# ABOUT THIS TASK
A word-for-word copy of the data, pictures excluded, is what this task asks for.

___ COLLECTED MATERIAL

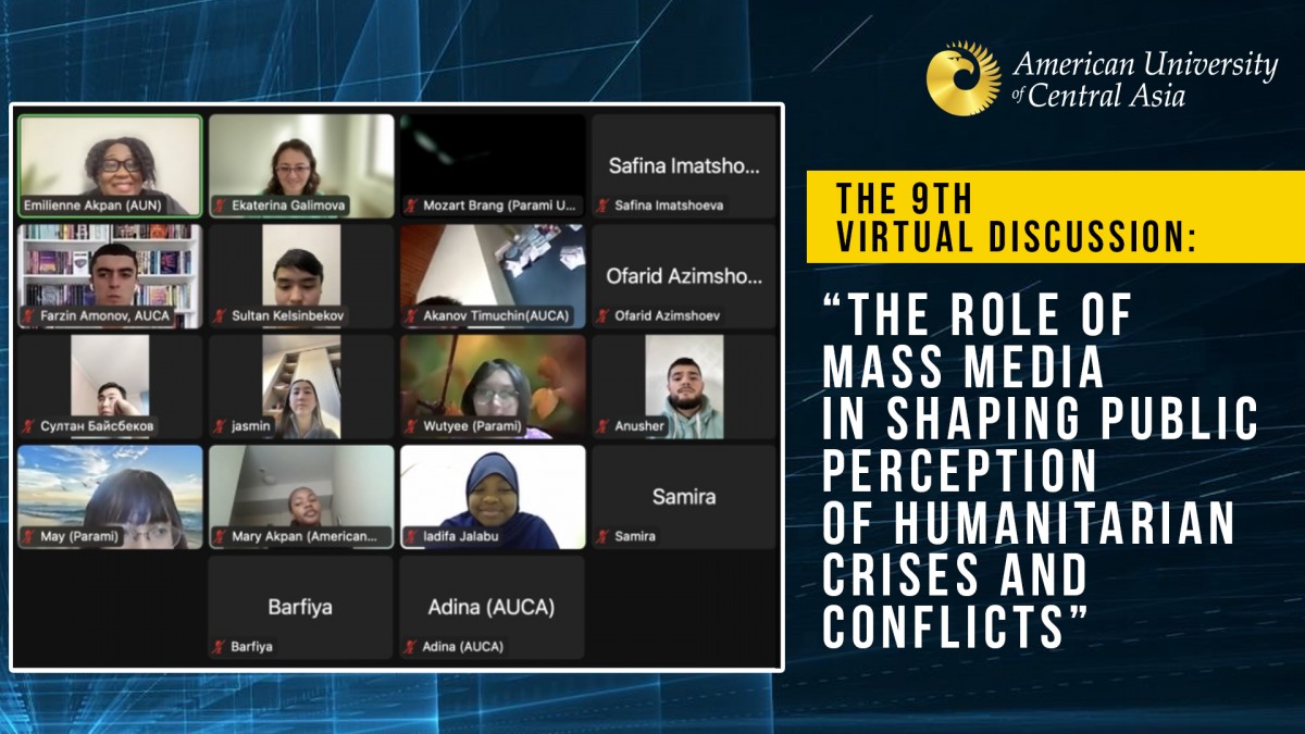 On November 25, 2023, students from American Universities of Nigeria, Myanmar, and Central Asia met each other via Zoom to discuss The Role of Mass Media in Shaping Public Perception of Humanitarian Crises and Conflicts. The 9th Virtual Inter-University Discussion was conducted within the framework of the Civic Engagement Project called Crossing Borders Through Social Media and Dialogue initiated by Ekaterina Galimova (GenEd, FYS, and SYS programs AUCA) and Emilienne Akpan (AUN) in 2019.
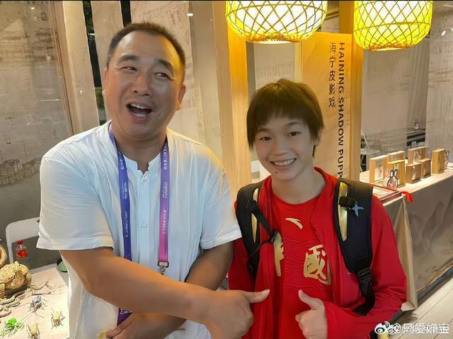 杭州亚运会的一名工作人员也晒出了与全红灿的合影。两人站在“海宁皮影戏”的介绍摊前,全红婵笑容灿烂。
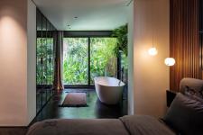 A secret door in the wood panelling leads you into the master suite, allowing you to disconnect from the outside world. It is equipped for a tailor made and ultra-pampering TV setup in the the ceiling, a transparent walk-in closet, and a free-standing bath above which indoor flora emerges from a black tin cladding that maintains a dialogue with the outdoor garden. The cladding of the back of a wooden bed with elongated slats is repeated in its pattern in the sink cabinet, and next to it is a mirror door that also serves as a body mirror and elegantly hides the toilet.

______

# EXERCISE RESULT
 On November 25, 2023, students from American Universities of Nigeria, Myanmar, and Central Asia met each other via Zoom to discuss The Role of Mass Media in Shaping Public Perception of Humanitarian Crises and Conflicts. The 9th Virtual Inter-University Discussion was conducted within the framework of the Civic Engagement Project called Crossing Borders Through Social Media and Dialogue initiated by Ekaterina Galimova (GenEd, FYS, and SYS programs AUCA) and Emilienne Akpan (AUN) in 2019.
 杭州亚运会的一名工作人员也晒出了与全红灿的合影。两人站在“海宁皮影戏”的介绍摊前,全红婵笑容灿烂。
 A secret door in the wood panelling leads you into the master suite, allowing you to disconnect from the outside world. It is equipped for a tailor made and ultra-pampering TV setup in the the ceiling, a transparent walk-in closet, and a free-standing bath above which indoor flora emerges from a black tin cladding that maintains a dialogue with the outdoor garden. The cladding of the back of a wooden bed with elongated slats is repeated in its pattern in the sink cabinet, and next to it is a mirror door that also serves as a body mirror and elegantly hides the toilet.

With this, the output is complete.